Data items
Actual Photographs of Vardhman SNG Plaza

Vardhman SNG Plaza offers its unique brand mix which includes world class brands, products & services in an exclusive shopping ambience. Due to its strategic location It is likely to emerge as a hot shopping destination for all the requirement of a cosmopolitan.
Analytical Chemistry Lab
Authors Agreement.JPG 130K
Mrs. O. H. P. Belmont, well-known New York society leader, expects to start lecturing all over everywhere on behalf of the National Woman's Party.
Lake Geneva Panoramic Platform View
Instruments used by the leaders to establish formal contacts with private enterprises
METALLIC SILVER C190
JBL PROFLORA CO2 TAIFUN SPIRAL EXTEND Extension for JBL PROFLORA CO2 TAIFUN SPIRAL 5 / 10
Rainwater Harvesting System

* * *

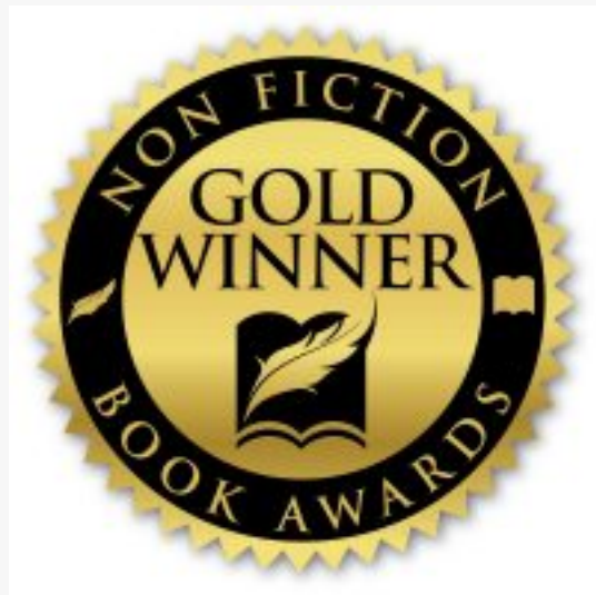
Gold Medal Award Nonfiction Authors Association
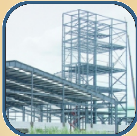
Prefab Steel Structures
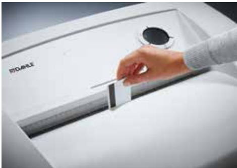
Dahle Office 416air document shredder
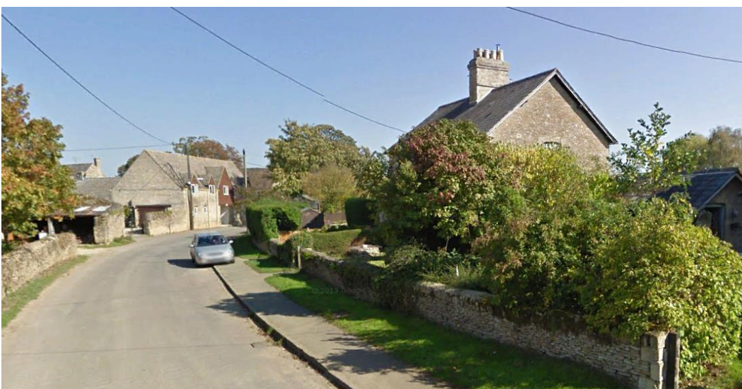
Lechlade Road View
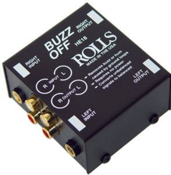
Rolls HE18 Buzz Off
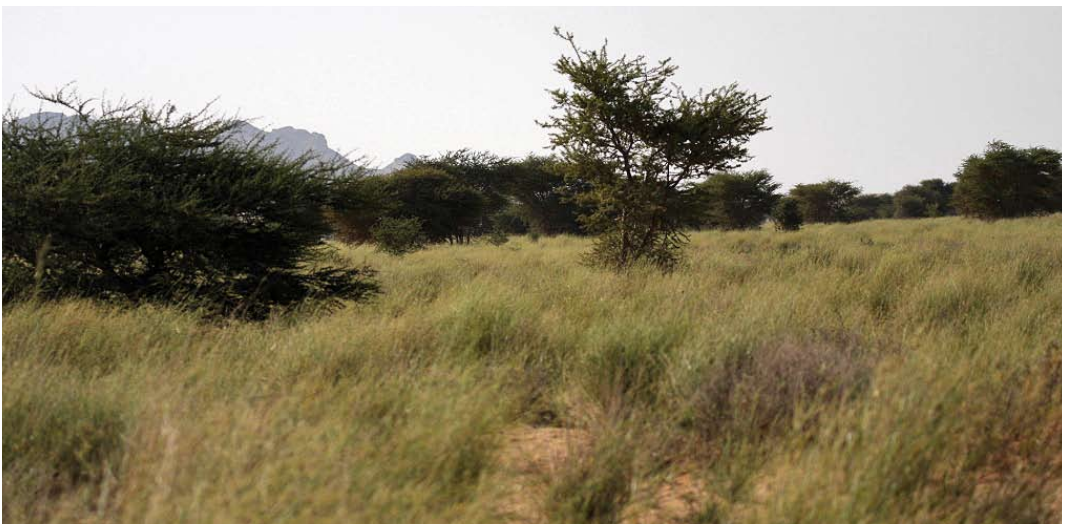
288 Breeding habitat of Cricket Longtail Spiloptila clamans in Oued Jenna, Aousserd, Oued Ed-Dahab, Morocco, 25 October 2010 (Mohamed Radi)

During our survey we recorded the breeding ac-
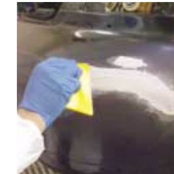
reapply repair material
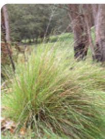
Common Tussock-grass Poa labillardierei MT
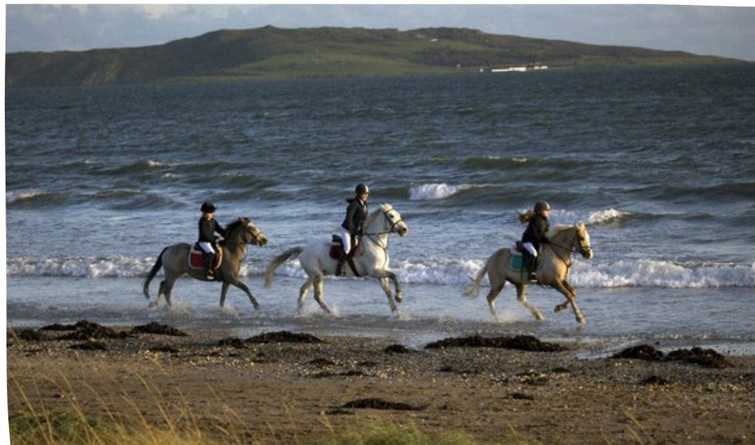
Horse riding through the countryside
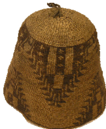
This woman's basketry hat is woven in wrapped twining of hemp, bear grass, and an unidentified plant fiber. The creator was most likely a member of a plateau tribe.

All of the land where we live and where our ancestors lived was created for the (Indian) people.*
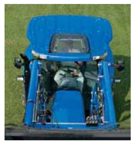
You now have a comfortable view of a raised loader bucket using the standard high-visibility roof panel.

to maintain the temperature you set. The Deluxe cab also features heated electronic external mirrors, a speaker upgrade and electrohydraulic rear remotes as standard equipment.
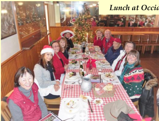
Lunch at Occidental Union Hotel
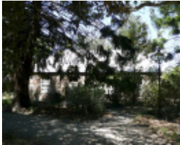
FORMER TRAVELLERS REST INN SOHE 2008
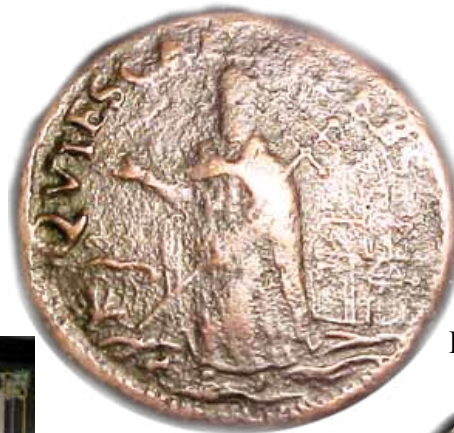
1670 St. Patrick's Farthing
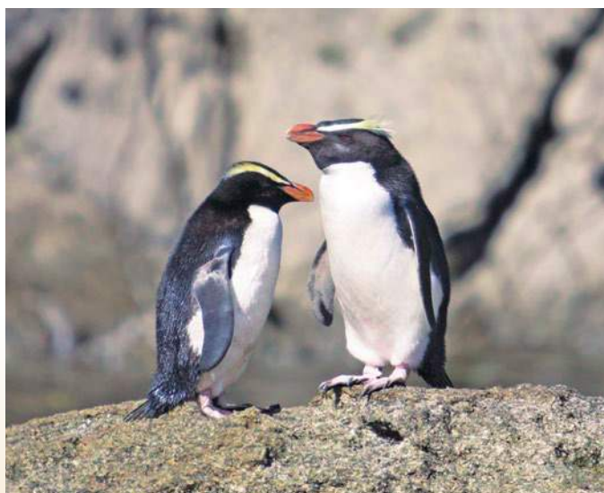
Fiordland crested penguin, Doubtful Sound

● **Task description**
Above are the records. Copy only the lines from the one with "Rolls HE18 Buzz Off" through the one with "Fiordland crested penguin, Doubtful Sound", exactly, with no pictures.

● **Written solution**
Rolls HE18 Buzz Off
288 Breeding habitat of Cricket Longtail Spiloptila clamans in Oued Jenna, Aousserd, Oued Ed-Dahab, Morocco, 25 October 2010 (Mohamed Radi)

During our survey we recorded the breeding ac-
reapply repair material
Common Tussock-grass Poa labillardierei MT
Horse riding through the countryside
This woman's basketry hat is woven in wrapped twining of hemp, bear grass, and an unidentified plant fiber. The creator was most likely a member of a plateau tribe.

All of the land where we live and where our ancestors lived was created for the (Indian) people.*
You now have a comfortable view of a raised loader bucket using the standard high-visibility roof panel.

to maintain the temperature you set. The Deluxe cab also features heated electronic external mirrors, a speaker upgrade and electrohydraulic rear remotes as standard equipment.
Lunch at Occidental Union Hotel
FORMER TRAVELLERS REST INN SOHE 2008
1670 St. Patrick's Farthing
Fiordland crested penguin, Doubtful Sound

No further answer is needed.